In April 2022, at the behest of President Andrés Manuel López Obrador, the country's mining law was reformed to “nationalize” lithium (although it already belonged to the nation according to the Constitution). Subsequently, the state company LitioMX was created to be put in charge of the entire lithium production and commercial chain.
I'm assuming it will be one of the following: when a deal is done on Amapa with the JV partner or full buyout of Dev, maybe it will run up in anticipation. The PFS being updated with the economics of 67% shipped to the USA might make things move also. Granting of licenses is another catalyst. EMH DFS may help, or some good drill results with Evergreen.
What I would say is KDNC is far too cheap, looking around on AIM ZIOC market cap is £45.79m and they are in the Republic of Congo with (2014) $2.2bn capital expenditure to get 12mt of 66% product. They don't have a port, they don't have a railway, they don't have an existing mine, risky jurisdiction, much higher construction risk etc, yes it's a big resource and they [currently] have 100% of but it may never get to production and holders will be continually diluted, I'd take my chances here vs there any day. Our mine life can be expanded with the neighbouring deposits also.

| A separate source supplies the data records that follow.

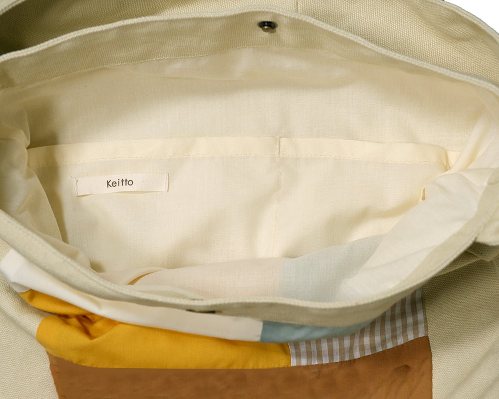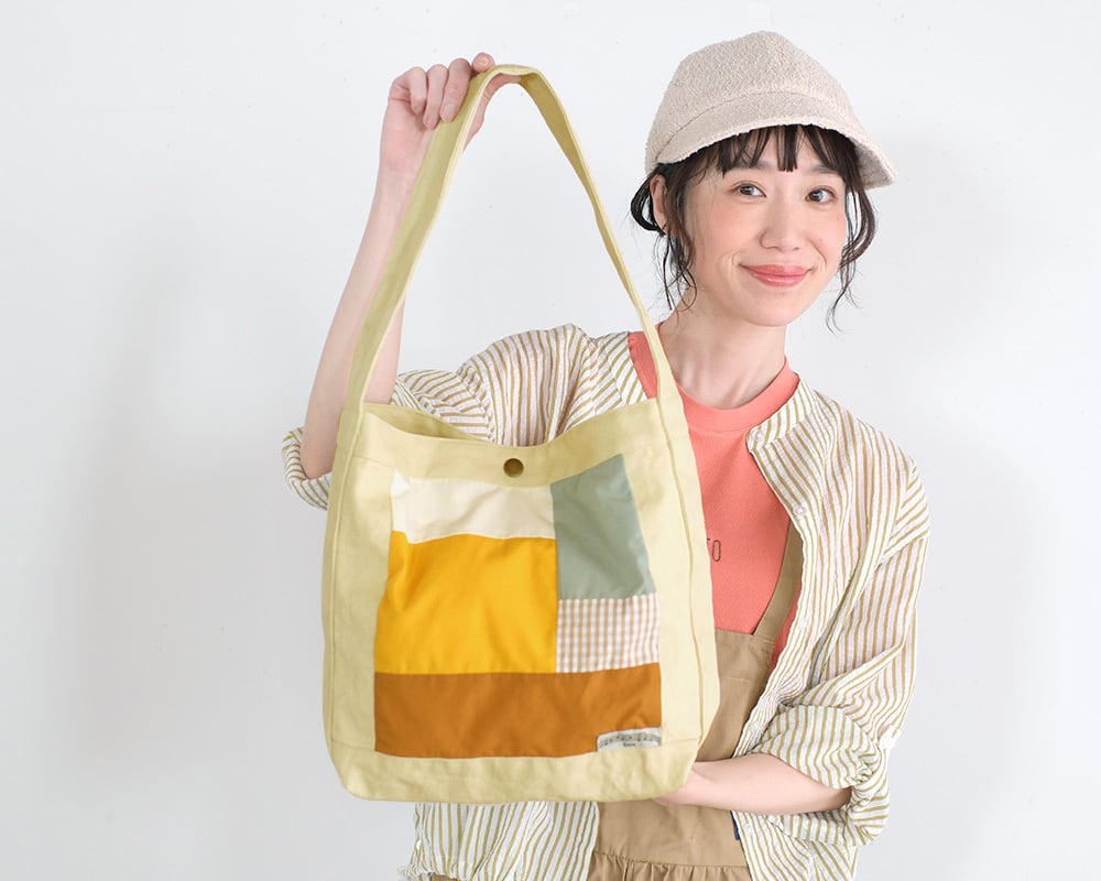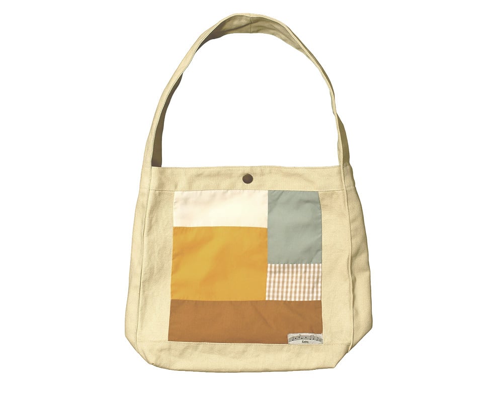 パッチワークデザインが目を引くトートバックで、持つだけでコーデに表情が生まれるアイテムです。しっかりとしたコットン素材で、デイリーに使いやすい持ち心地です。パッチワークの配色で晴れ&雨を表現しました。どちらの日にも持っておでかけしたくなるようなワンハンドルのバッグです。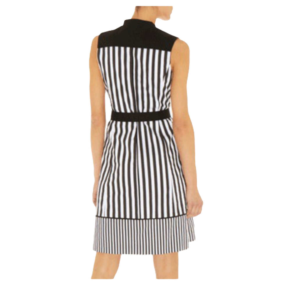 Karen Millen Black & White Striped Cotton Dress - DQ236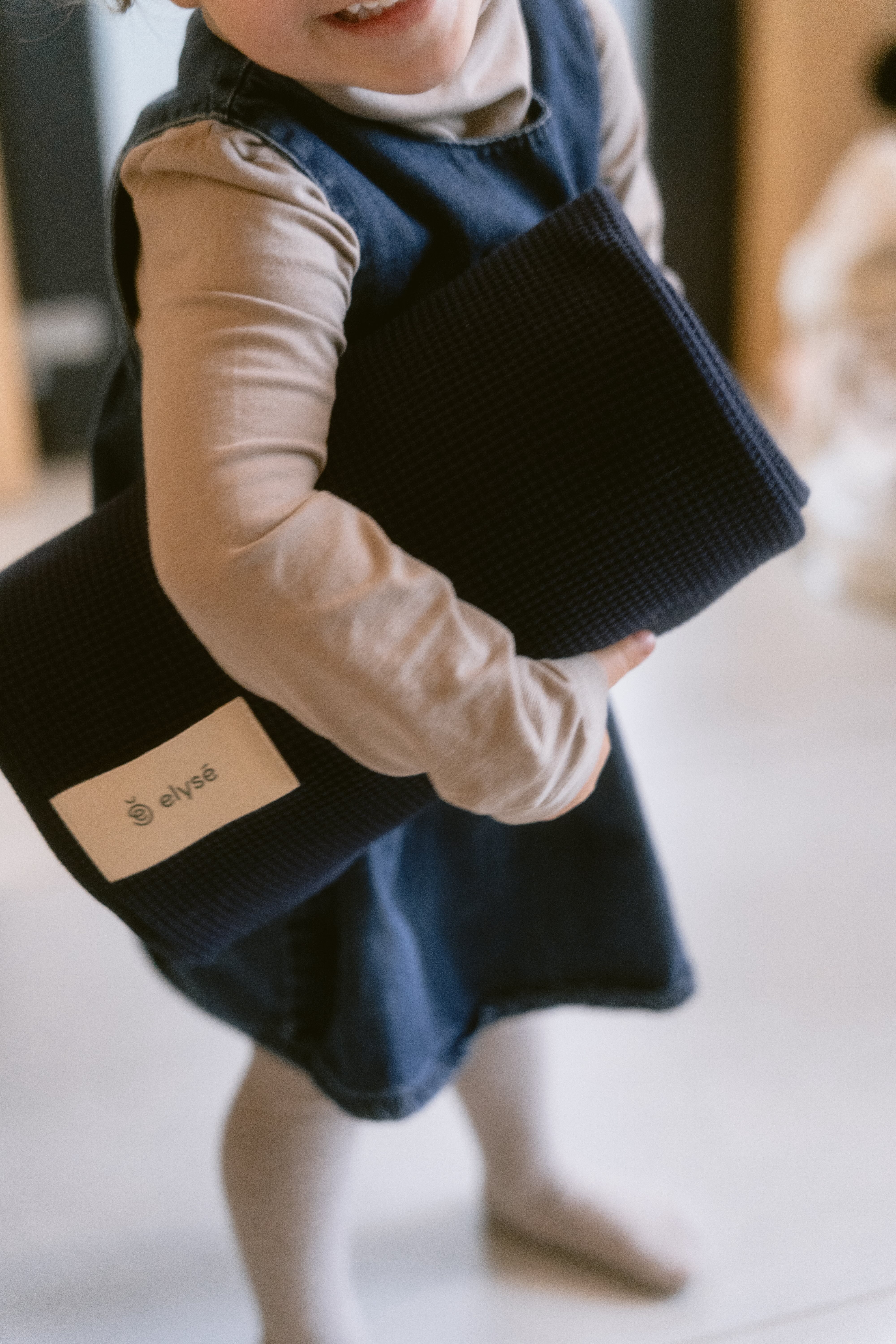 Our Stretchy Waist Wrap is a completely unique design: it’s only 2.4 meters long instead of the 4-5 meters of fabric usually used in stretchy wraps. This shorter length of fabric makes our wrap much easier to put on but it still keeps your baby completely secured. Our added waistband also makes the wrap easy to put on, and it supports your waist – holding your belly securely in the very sensitive first stages after giving birth.
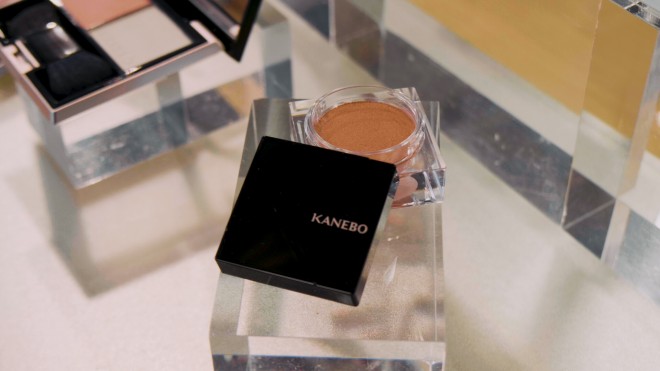 • アイシャドウベースを指でつける。しっかり伸ばすことで、発色がよくなる。上まぶたと下まぶた両方につけてあげる。上と下でつける指をかえ、余分なものはしっかり取ってあげる。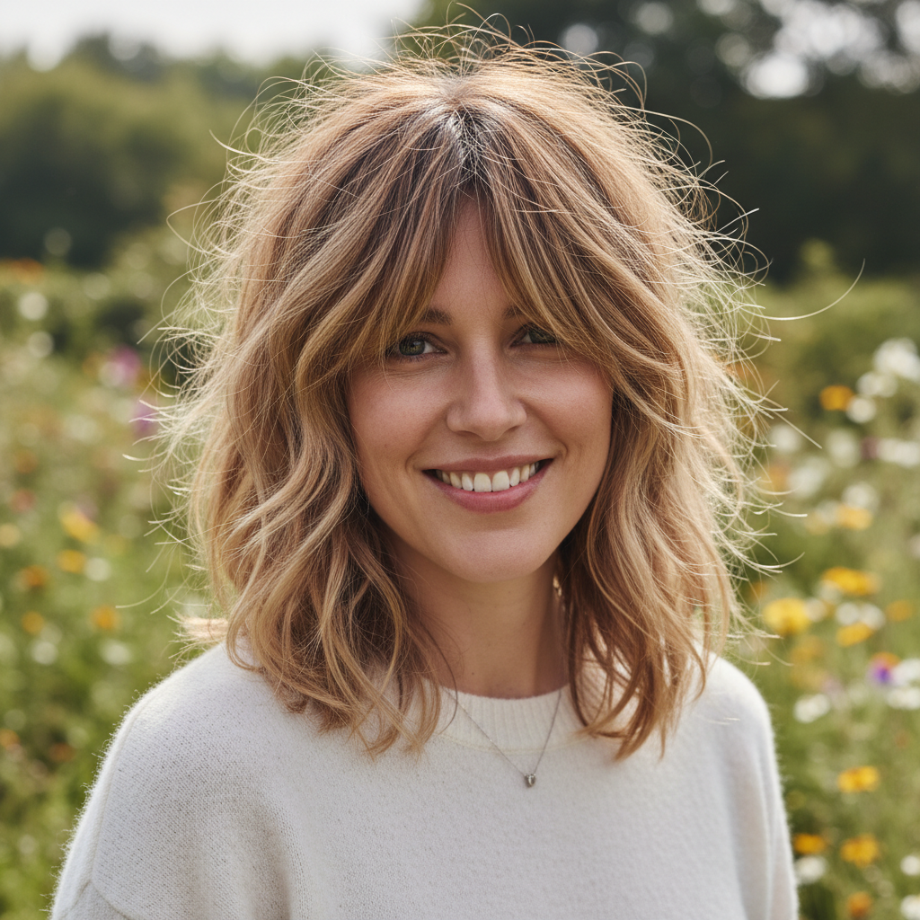 A versatile cut that flatters most face shapes, especially round and heart-shaped faces, as the layers and waves add dimension and softness.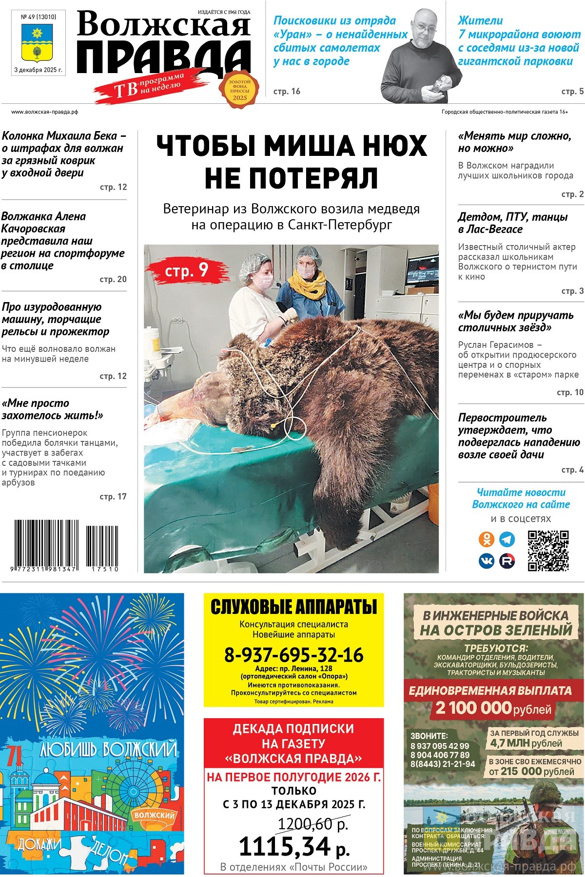 Анонс материалов газеты «Волжская правда» от 3 декабря 2025 года. В этом номере вы прочтёте: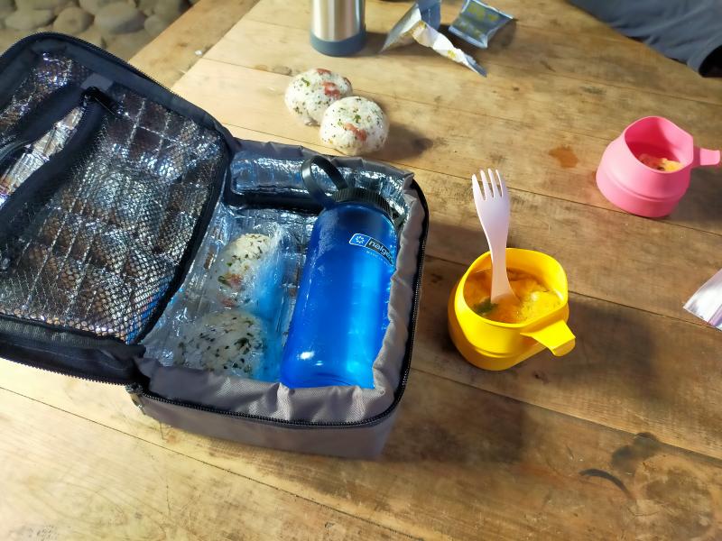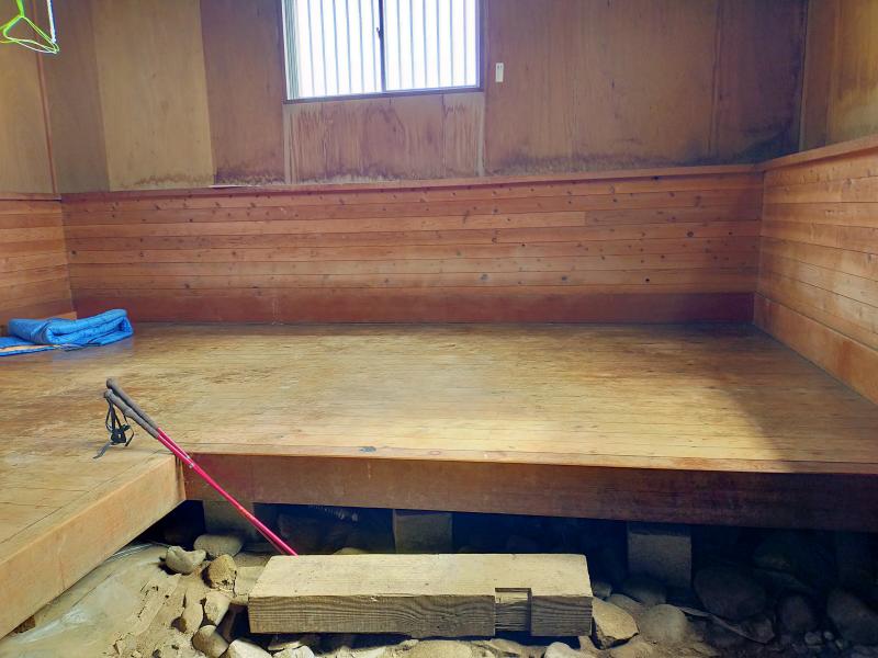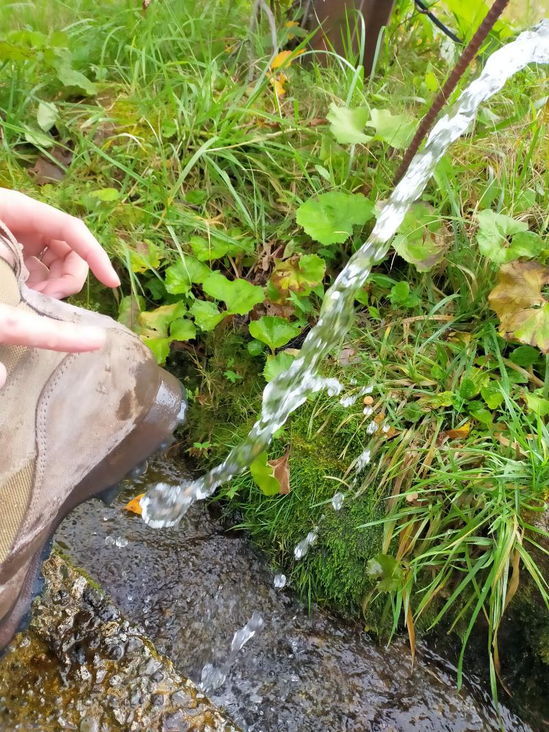 避難小屋でのランチは靴を脱いでしっかり休憩&ストレッチ。靴やストックの先ゴムがかなり汚れたので、第二駐車場の入り口にある水で、軽く泥汚れは洗い流しておきました。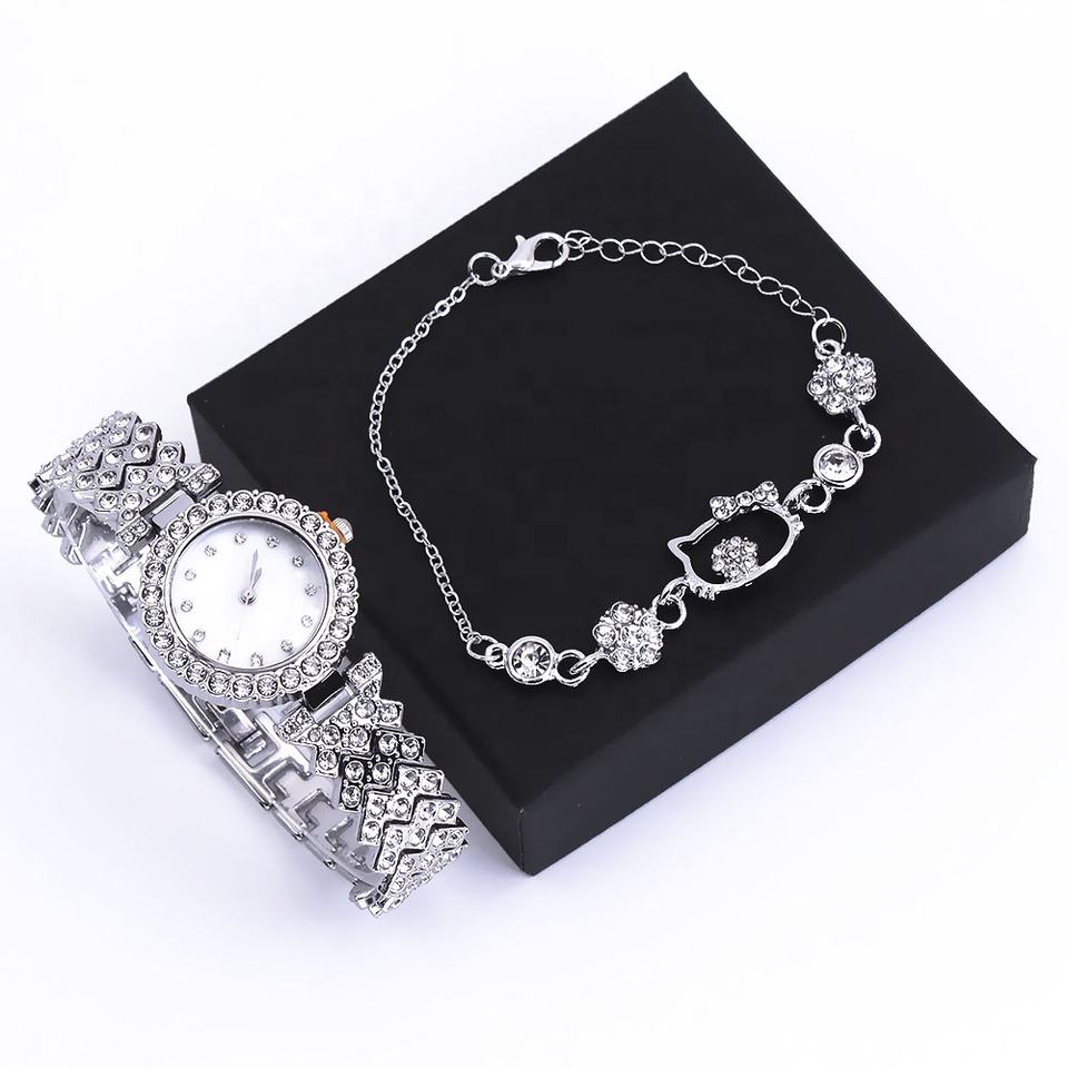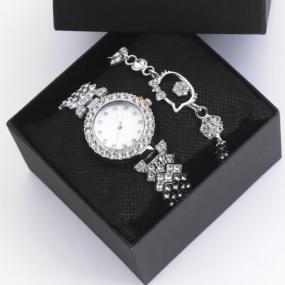 Set di Orologio e Bracciale di Lusso da Donna, Orologi al Quarzo in Lega con Cristalli e Gioielli a Forma di Gatto con Fiocco per Vendita all'Ingrosso B2B
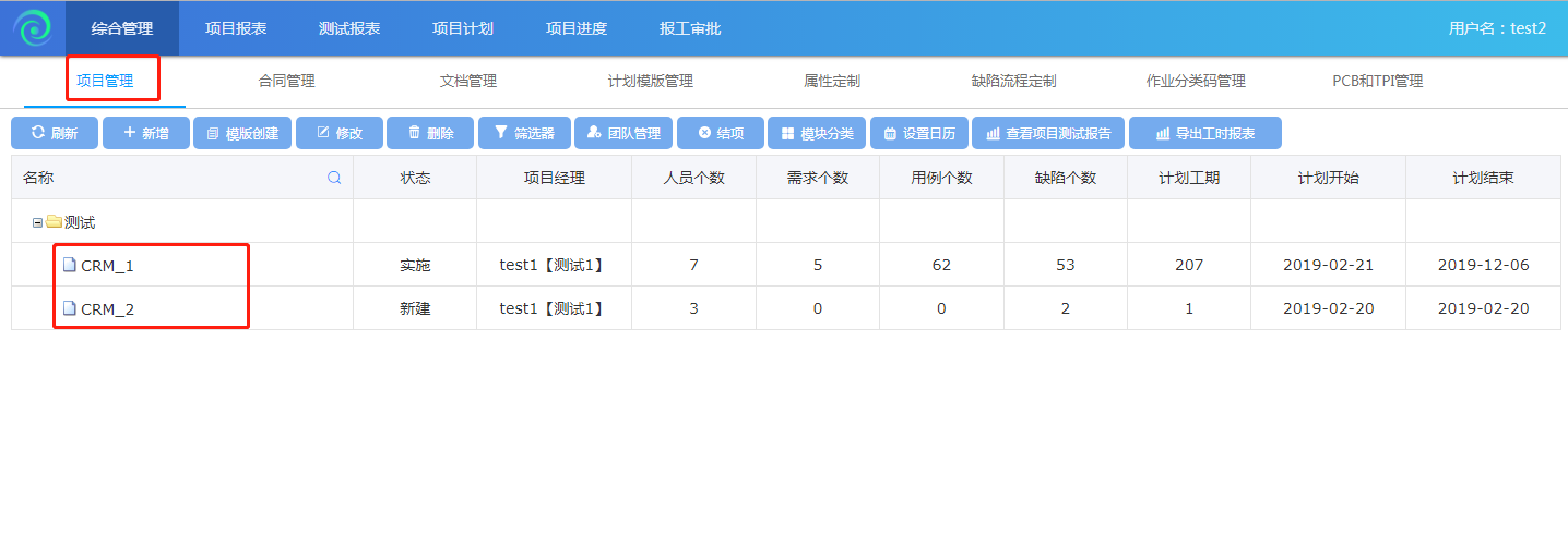 點擊【綜合管理】-【項目管理】進入到項目管理頁面。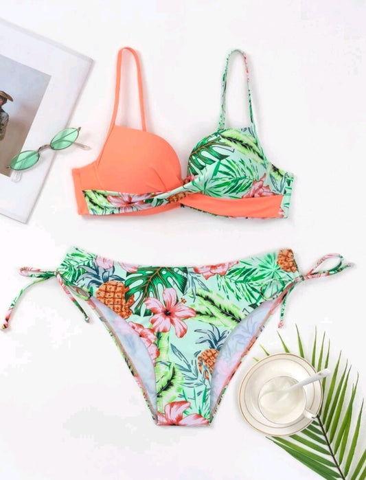 SHE rózsaszín virágmintás háromrészes bikini szett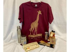 Enjoy this unique selection of curated items from the Wild Things Gift Shop! This package includes a beautiful giraffe-inspired bracelet, Zanzibar Island Spice, a mini giraffe plush, a giraffe t-shirt (XL), a reusable thermos, water bottle, and cutlery set, and two $5 gift certificates to the gift shop!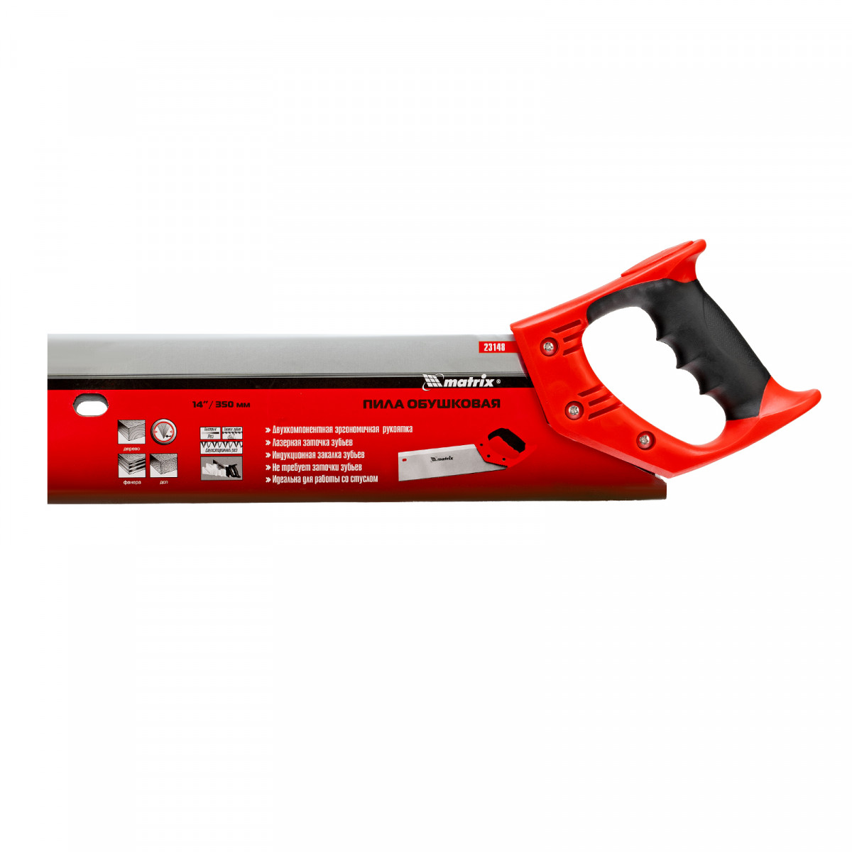 Обушковая пила по дереву для стусла Matrix 23148 с полотном длиной 350 мм и двухкомпонентной рукояткой, используется для продольно-поперечного пиления древесины, фанеры, ДСП. Ребро жесткости не дает полотну изгибаться, поэтому ножовкой удобно производить распил под углом — например, при работе со стуслом. Шаг зубьев составляет 2 мм, что обеспечивает чистый и ровный рез. Пила пригодится при проведении столярных работ дома или в мастерской.

Https://www.edisongroup.com/research/real-progress-real-value/32853/
Yes, personally I don’t think a typical PFS discount is fair because this is a proven operation so lower risk than a typical PFS.
If you mean our stake in the Amapa project via Dev Mineracao then the cash would go to Cadence and the share price would increase to reflect that cash balance (probably not fully), the policy of Cadence is to re-invest but it should depend on how the share price is, if there is a discount to NAV then buying back shares or distributing some or all of the cash to shareholders as a dividend should be a consideration.
Clearly management see the mine as worth far more than the $110m book value and I expect it to be worth more once licensing and 67% test work is proven as the NPV will be well over $1bn at that point.
My research suggested around 20-25% of NPV is a fair value for PFS stage however this being a proven refurb then 30% may be a fairer assumption, $949 x 30% is $285m, I expect 67% would move the NPV up above $1.5bn and 30% of NPV to $450m, KDNC stake being worth $150m. Perhaps the current environment means we take $100m, which gets you to about 44p per share.
If I were a shrewd PE investor wanting ownership of the project I'd be making an offer to buy out KDNC for less than 44p to get the Dev (and EMH and EG1 and Sonora) holding at a substantial discount to book (& fair) value. They could then fund it up to the 49% via Cadence at a cheaper rate given the lack of strategic shareholders to block it. I'm surprised it hasn't happened yet.